Abstract: Transporters in proximal renal tubules contribute to the disposition of numerous drugs. Furthermore, the molecular mechanisms of tubular secretion have been progressively elucidated during the past decades. Organic anions tend to be secreted by the transport proteins OAT1, OAT3 and OATP4C1 on the basolateral side of tubular cells, and multidrug resistance protein (MRP) 2, MRP4, OATP1A2 and breast cancer resistance protein (BCRP) on the apical side. Organic cations are secreted by organic cation transporter (OCT) 2 on the basolateral side, and multidrug and toxic compound extrusion (MATE) proteins MATE1, MATE2/2-K, P-glycoprotein, organic cation and carnitine transporter (OCTN) 1 and OCTN2 on the apical side.

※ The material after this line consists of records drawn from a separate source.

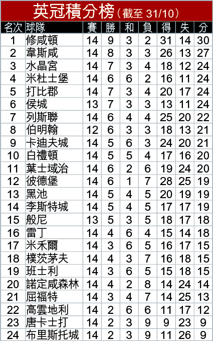 修咸頓以英甲亞軍的身份升班,但升上英冠後表現較英甲冠軍的白禮頓還好,目前以14戰得30分在榜首領導群雄,在周二迎戰另一支升班馬彼德堡時,料有老將前鋒干洛尼復任正選,夥拍腳風甚順的列基林拔攻堅;加上彼德堡又續有中前場球員李爾湯連被罰停賽,修咸頓勝望壓一。
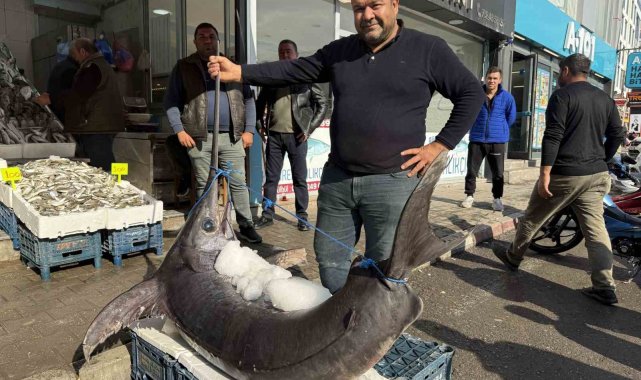 138 kiloluk kılıç balığı ilgi odağı oldu
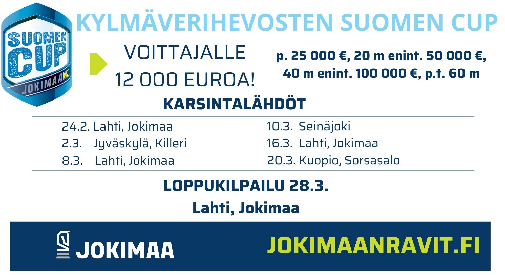 Lauantai 28.3. loppukilpailu Jokimaa – voittajalle 12 000 €
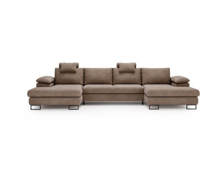 Narożnik CUBA to wyjątkowa panoramiczna kanapa, którą cechuje elegancka struktura siedziska. Luksusowa , delikatna w dotyku tkanina zachwyca swoją aksamitnością, a zarazem jest odporna na tarcie, dzięki czemu po ustawieniu tego mebla w Twoim salonie, będziesz się nim cieszyć przez długie lata. Pikowania na siedzisku, oraz oparciu dają poczucie subtelności, oraz błogiego zatapiania się, tworząc wrażenie lekkości. Aby w pełni wykorzystać miejsce w którym stoi mebel dodaliśmy funkcję spania, oraz dwa pojemniki na pościel. W dzień usiądziesz z ulubionym napojem w ręku, a wieczorem narożnik zmienisz w pełnowymiarowe łóżko. Jest to świetna opcja dla gości, oraz w kawalerkach. Wysoka jakość wykonania to priorytet w naszej firmie. Mebel wykonany jest z panki elastycznej T28 o średniej twardości, oraz sprężyn falistych, które zapewniają odporność na odkształcenia. Dla większego komfortu, oraz wygody zastosowane zostały regulowane zagłówki.

Significant drug-drug interactions (DDIs) may affect any of these transporters, altering the clearance and, consequently, the efficacy and/or toxicity of substrate drugs. Interactions at the level of basolateral transporters typically decrease the clearance of the victim drug, causing higher systemic exposure. Interactions at the apical level can also lower drug clearance, but may be associated with higher renal toxicity, due to intracellular accumulation. Whereas the importance of glomerular filtration in drug disposition is largely appreciated among clinicians, DDIs involving renal transporters are less well recognized. This review summarizes current knowledge on the roles, quantitative importance and clinical relevance of these transporters in drug therapy. It proposes an approach based on substrate-inhibitor associations for predicting potential tubular-based DDIs and preventing their adverse consequences. We provide a comprehensive list of known drug interactions with renally-expressed transporters. While many of these interactions have limited clinical consequences, some involving high-risk drugs (e.g. methotrexate) definitely deserve the attention of prescribers.